How to fix a problem like Whitehall
Why we are launching a plan for government.
“We have found no instance where reform has run ahead too rapidly. So, today, the Service is in need of fundamental change.”
These words from Lord Fulton’s 1968 report, almost six decades on, could have been written today. Indeed former Cabinet Secretary Lord Mark Sedwill has argued that “Whitehall structures would be familiar to Gladstone,” taking us back 170 years. It was the Victorian Great who commissioned the foundational Northcote-Trevelyan report which shaped the modern civil service. That’s a damning observation: the country it helps govern, and the challenges facing it, would be unrecognisable to Gladstone. So too should the Civil Service.

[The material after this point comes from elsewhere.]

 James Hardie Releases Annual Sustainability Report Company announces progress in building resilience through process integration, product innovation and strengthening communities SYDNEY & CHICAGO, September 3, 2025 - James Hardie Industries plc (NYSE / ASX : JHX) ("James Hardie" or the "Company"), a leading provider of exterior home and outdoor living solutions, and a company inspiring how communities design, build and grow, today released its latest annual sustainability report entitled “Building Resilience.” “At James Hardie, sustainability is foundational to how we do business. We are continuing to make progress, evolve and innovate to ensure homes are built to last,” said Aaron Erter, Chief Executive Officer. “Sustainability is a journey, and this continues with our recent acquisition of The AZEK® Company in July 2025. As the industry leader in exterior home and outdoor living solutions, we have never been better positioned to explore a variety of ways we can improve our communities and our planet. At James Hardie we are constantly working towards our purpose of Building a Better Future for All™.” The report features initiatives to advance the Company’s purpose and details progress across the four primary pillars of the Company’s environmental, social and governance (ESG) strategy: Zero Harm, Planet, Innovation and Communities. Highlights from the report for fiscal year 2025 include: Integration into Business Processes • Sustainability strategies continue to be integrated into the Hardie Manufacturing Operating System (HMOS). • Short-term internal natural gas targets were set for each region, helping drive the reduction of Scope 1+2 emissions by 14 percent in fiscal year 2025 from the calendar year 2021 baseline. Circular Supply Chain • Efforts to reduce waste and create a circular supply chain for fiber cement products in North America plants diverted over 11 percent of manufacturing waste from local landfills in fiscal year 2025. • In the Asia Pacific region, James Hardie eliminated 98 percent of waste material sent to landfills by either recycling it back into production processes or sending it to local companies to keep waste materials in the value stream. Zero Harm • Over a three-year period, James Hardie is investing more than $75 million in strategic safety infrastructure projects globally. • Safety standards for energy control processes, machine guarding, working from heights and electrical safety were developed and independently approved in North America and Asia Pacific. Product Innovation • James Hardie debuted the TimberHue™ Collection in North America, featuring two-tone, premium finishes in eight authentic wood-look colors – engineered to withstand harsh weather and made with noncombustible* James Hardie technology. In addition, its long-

As (yet another) new Cabinet Secretary settles into post, this is the machine she inherits – one whose modernisation is long overdue, and which is in urgent “need of fundamental change”.
A State in stasis
That mid-nineteenth Northcote-Trevelyan report was born of a frustration with the quality, competency and efficiency of the civil service, at a time when government business was growing and becoming more complex. Sound familiar?
The report, published in 1854 established key principles upon which a permanent civil service should be built: civil servants, recruited based on merit, and acting with impartiality.

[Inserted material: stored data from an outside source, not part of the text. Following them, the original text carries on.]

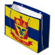 Große Geschenktasche mit der Flagge der Stadt St. Paul, Minnesota; Flagge mit drei horizontalen Streifen von blau und gelb mit rotem Emblem in der Mitte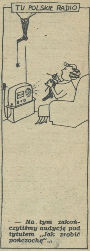 Archiwum / Historyjki obrazkowe nr 661 (50/1957) 24997/108863 Podziel się Tytuł Tu Polskie Radio Autor Marian Eile Kategoria Historyjki obrazkowe Artykuł z numeru 661 (50/1957) Data wydania 8 grudnia 1957 Tagi żart rysunkowy pończochy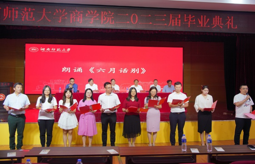 会计学系主任马巾英,国际经济与贸易系老师戴家武,管理学系主任阳毅,经济学系老师谢迟、杨柳,以及研究生办和学工办全体老师朗诵《六月话别》,表达对毕业生们的不舍与留恋。2019级本科毕业生蔡雨彤、惠婉莹、胡鑫,2021级徐嘉俊和2022级刘璟烨、麻正博为毕业生们带来歌唱表演《记念》,表达对毕业生们的依依惜别与祝福。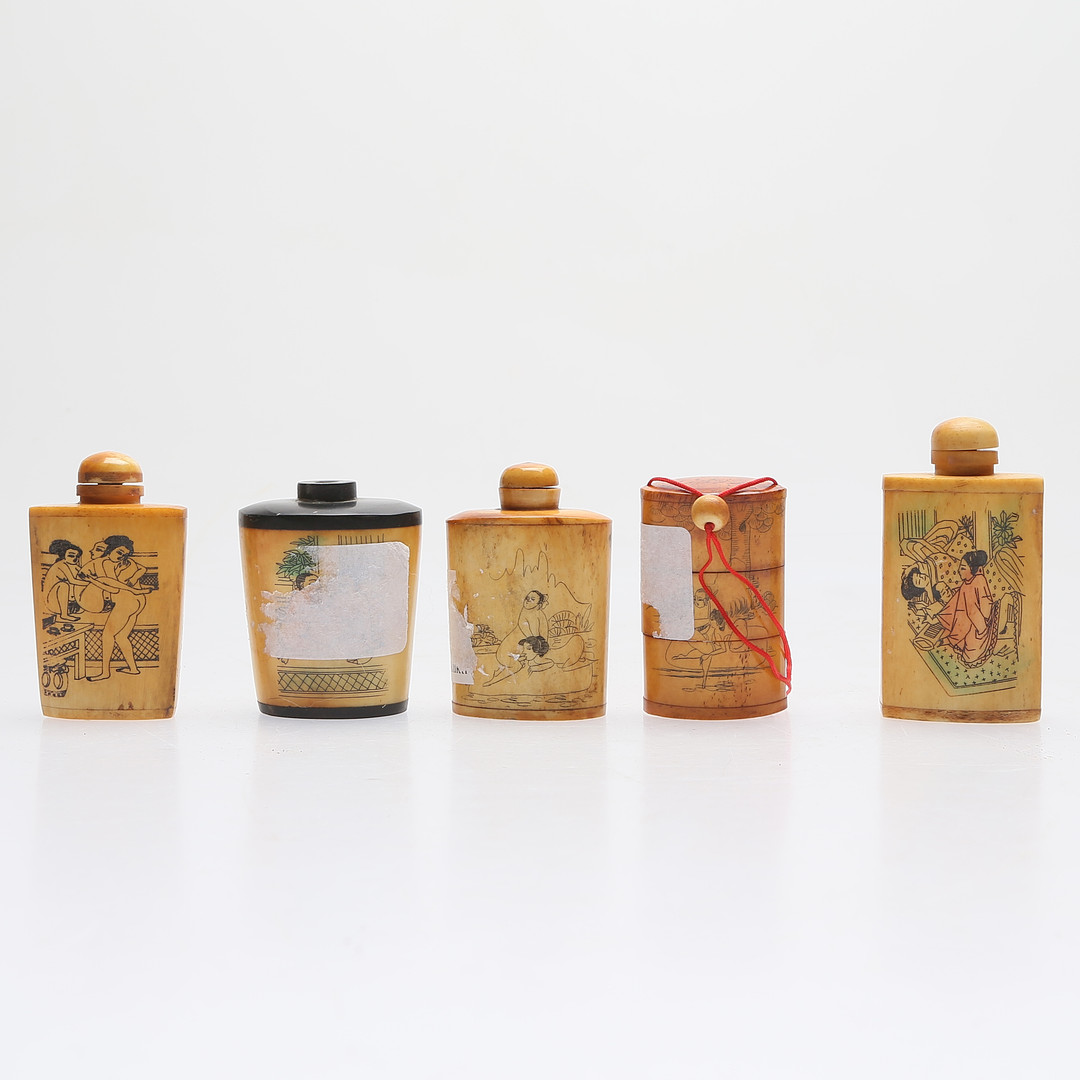 1357948. SNUFF BOTTLES, 5 Teile, Beine, 18/1900.

Government is infinitely bigger and more complex now: the welfare state is immense; the Quangocracy’s tentacles reach into almost every aspect of our lives; the administrative burden of processing, checking, assessing and reviewing consumes thousands of people and millions of hours.
When Gladstone tasked Northcote and Trevelyan there were likely less than 20,000 civil servants. Today there are over 500,000. Yet despite this, the government machine still appears incapable of delivering consistently and at scale.
The latest report from the National Infrastructure and Service Transformation Authority (NISTA) records 213 projects, 78% of which are rated Amber or Red; backlogs plague the NHS, the justice system, the immigration system and SEND; our defence procurement is best known for its failure to replace Britain’s ageing armoured fighting vehicles, a process that began in 2010 and 16 years and £6 billion later still has delivered nothing useable.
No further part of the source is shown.